[Requirement] What you give back should be exactly the lines from the one with "Here you will" through the final line of the material, pictures removed; please add nothing.

[Exercise data]
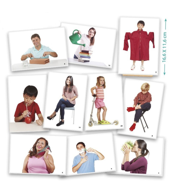 50 fotografií o rozměru 19,5x13,5 cm, které reprezentují běžné situace, na kterých však není vše v pořádku – některý nástroj nebo část oblečení je nesprávně použit. Obrázky pomáhají rozvíjet pozorovací schopnosti, důslednost a koncentraci dětí. Obsahuje pedagogický návod a podstavec pro přichycení fotografií.
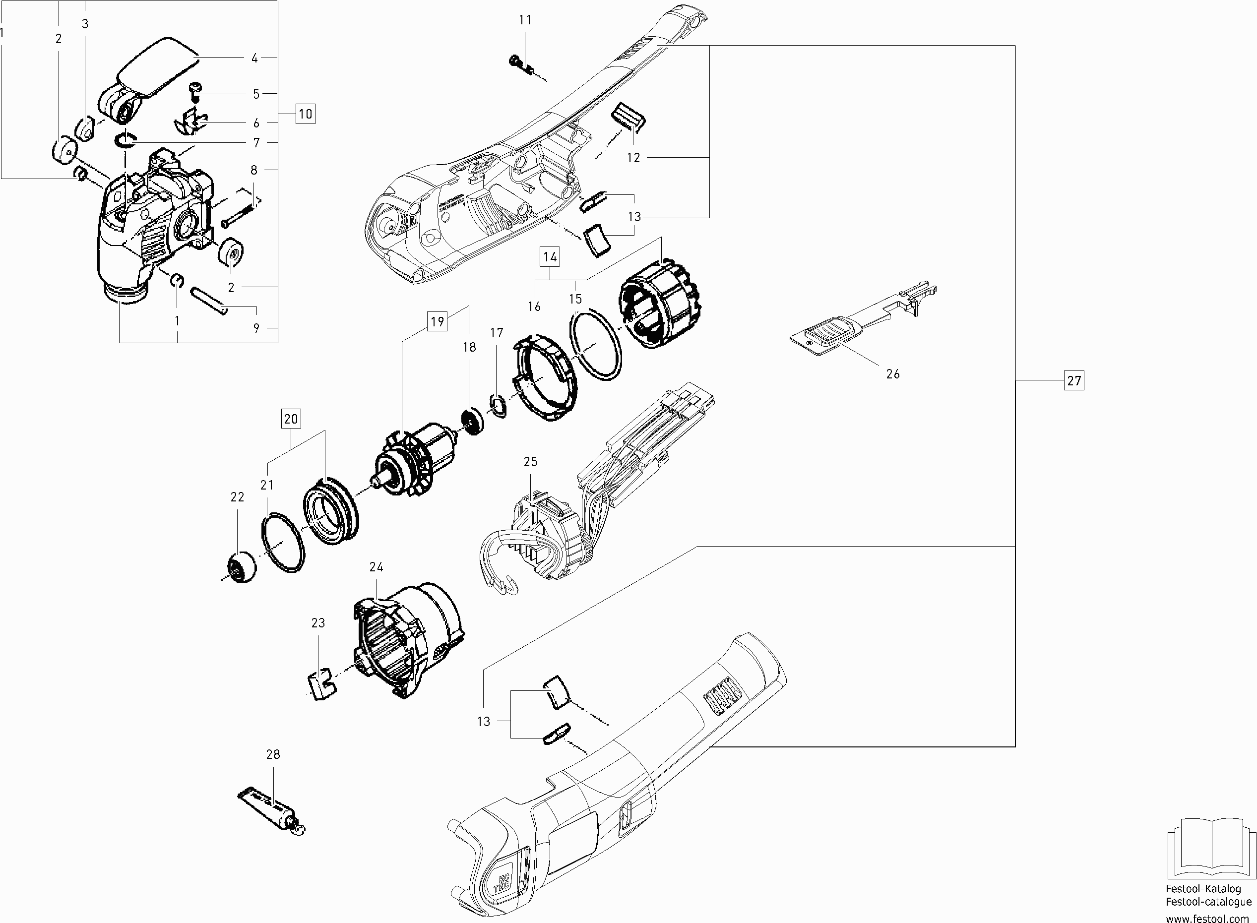 Here you will find all available parts and drawings of the 'Festool 10041860 ( OSC18LIEEU )'. From here you can order all desired parts directly. Many parts must be ordered from the manufacturer, depending on the brand, this takes one to four weeks. All the information we have is on our website, we cannot advise you on what you need, for that you will need to return the machine for repair. Please note the following when ordering:
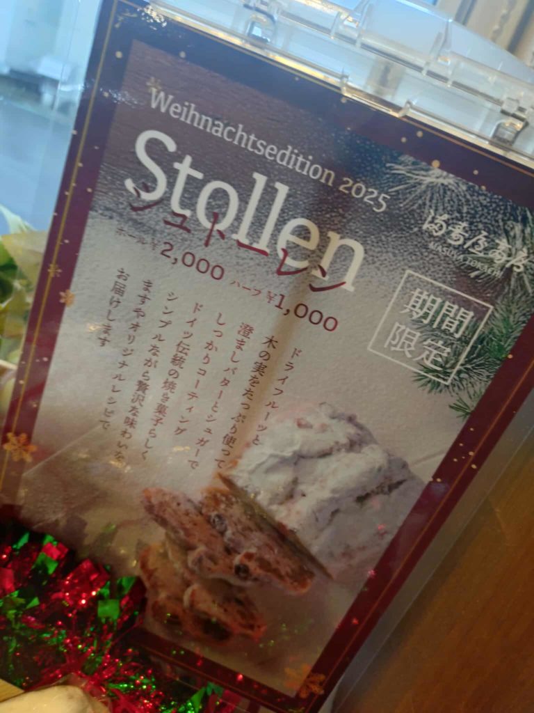 そして、クリスマスといえば・・・シュトーレン!めむろ窯では「ますやシュトーレン(ハーフ1000円・1本2000円)」を期間限定で販売しています

[Exercise solution]
 Here you will find all available parts and drawings of the 'Festool 10041860 ( OSC18LIEEU )'. From here you can order all desired parts directly. Many parts must be ordered from the manufacturer, depending on the brand, this takes one to four weeks. All the information we have is on our website, we cannot advise you on what you need, for that you will need to return the machine for repair. Please note the following when ordering:
 そして、クリスマスといえば・・・シュトーレン!めむろ窯では「ますやシュトーレン(ハーフ1000円・1本2000円)」を期間限定で販売しています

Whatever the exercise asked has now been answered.